Stuck on an issue?

Lightrun Answers was designed to reduce the constant googling that comes with debugging 3rd party libraries. It collects links to all the places you might be looking at while hunting down a tough bug.

And, if you’re still stuck at the end, we’re happy to hop on a call to see how we can help out.

Getting `CUDA_ERROR_OUT_OF_MEMORY` error when running replica exchange (with lots of replicas) on large system

See original GitHub issue

I’m trying to run replica exchange (rest) on a system with 185K atoms, and it runs fine when I use a rest region of ~70 atoms with 12 replicas.
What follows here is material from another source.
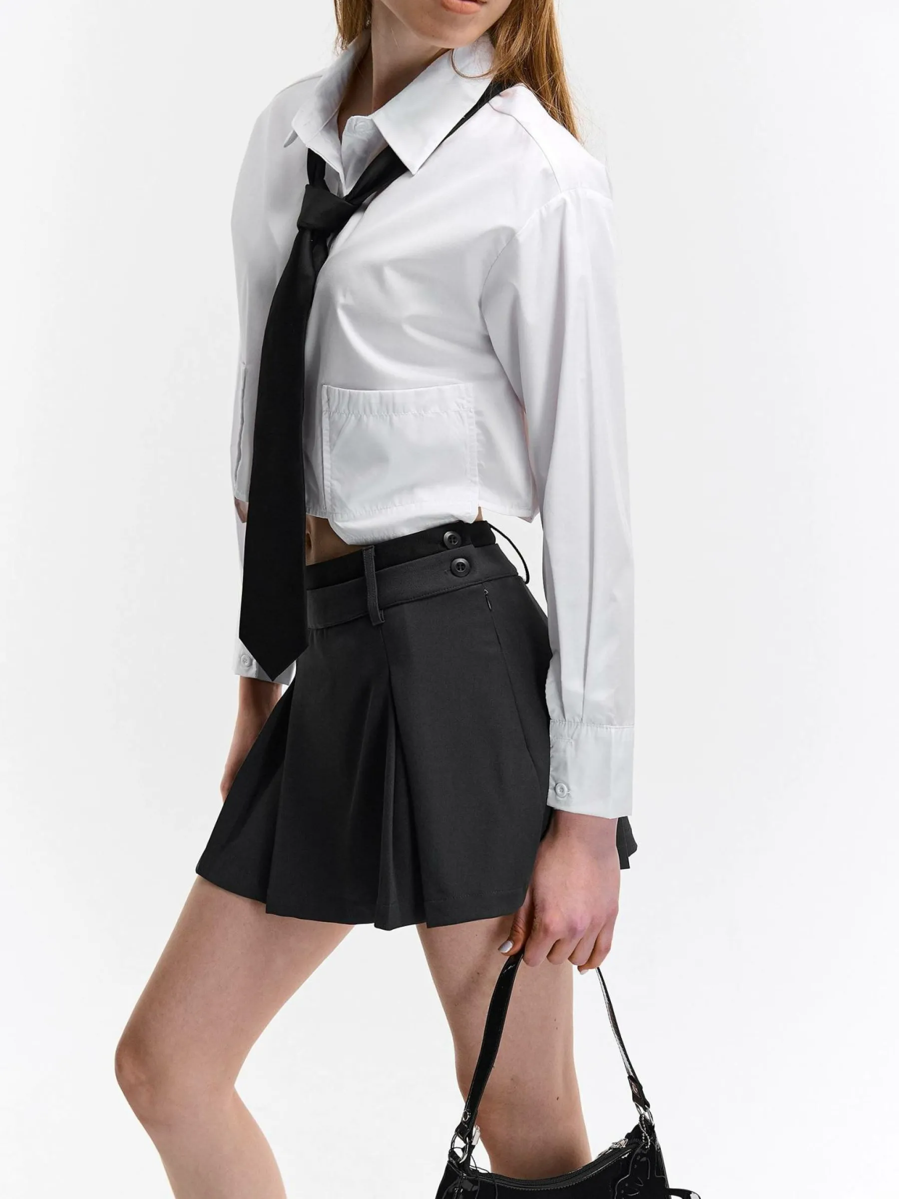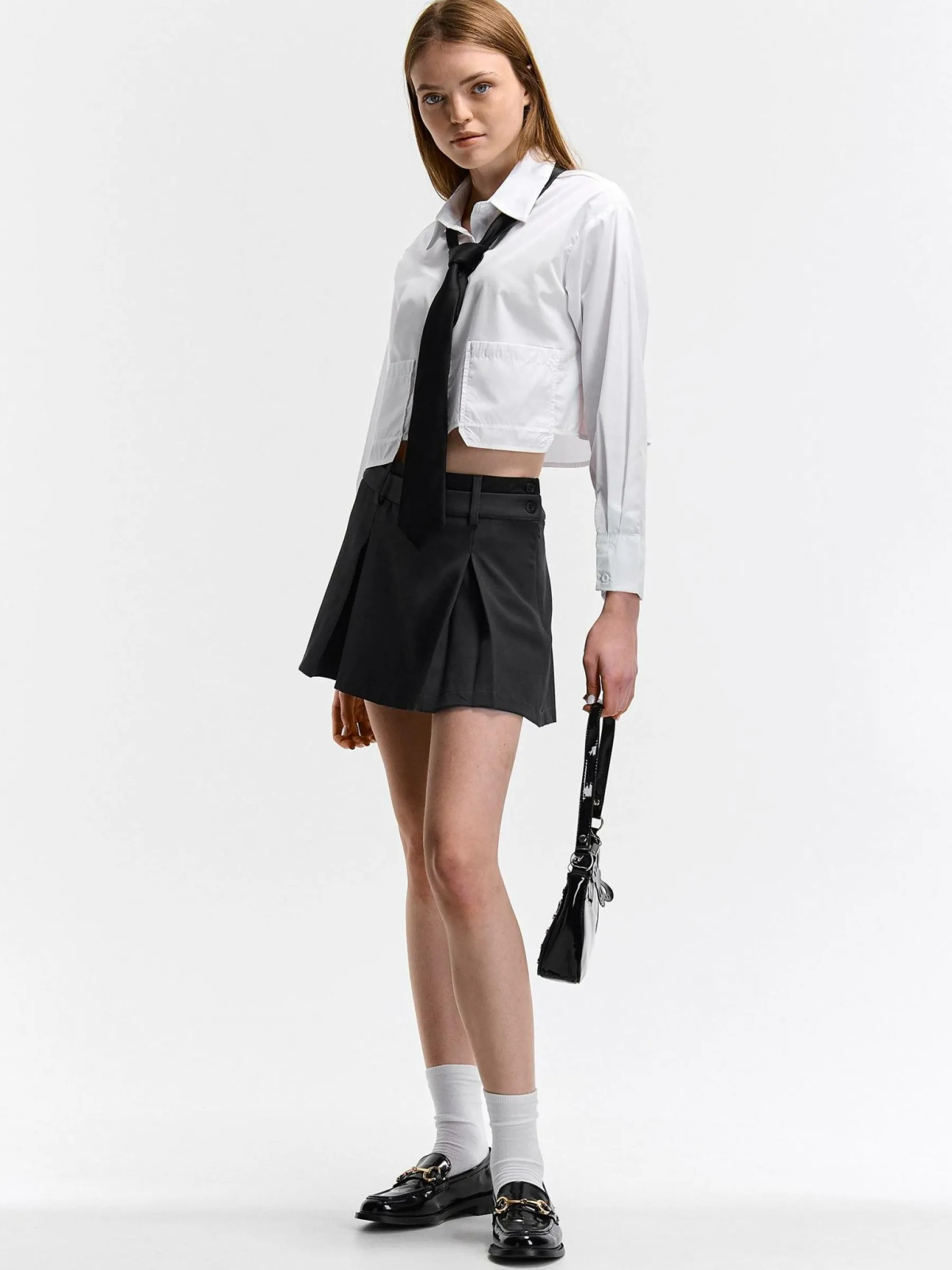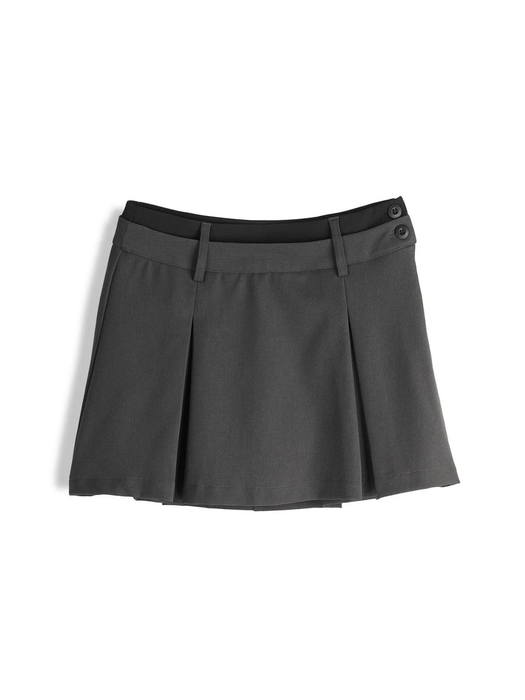 Kolor: szaryKrój: plisowanyTyp: spódnicaDługość: miniPattern style: pojedynczy kolorDetal: na guzikiMateriał: synt…

However, I get the following error when I run with a rest region of ~1000 atoms with 24 or 36 replicas.

I’m currently using this as the context cache: context_cache = cache.ContextCache(capacity=None, time_to_live=None)

DEBUG:openmmtools.utils:Mixing of replicas took    3.747s
DEBUG:openmmtools.multistate.replicaexchange:Accepted 12284/93312 attempted swaps (13.2%)
DEBUG:openmmtools.multistate.multistatesampler:Propagating all replicas...
DEBUG:mpiplus.mpiplus:Running _propagate_replica serially.
Traceback (most recent call last):
  File "/home/zhangi/miniconda3/envs/perses-rbd-ace2/lib/python3.8/site-packages/openmmtools/cache.py", line 445, in get_context
    context = self._lru[context_id]
  File "/home/zhangi/miniconda3/envs/perses-rbd-ace2/lib/python3.8/site-packages/openmmtools/cache.py", line 147, in __getitem__
    entry = self._data.pop(key)
KeyError: (366470656340979585, 4946973717435834380)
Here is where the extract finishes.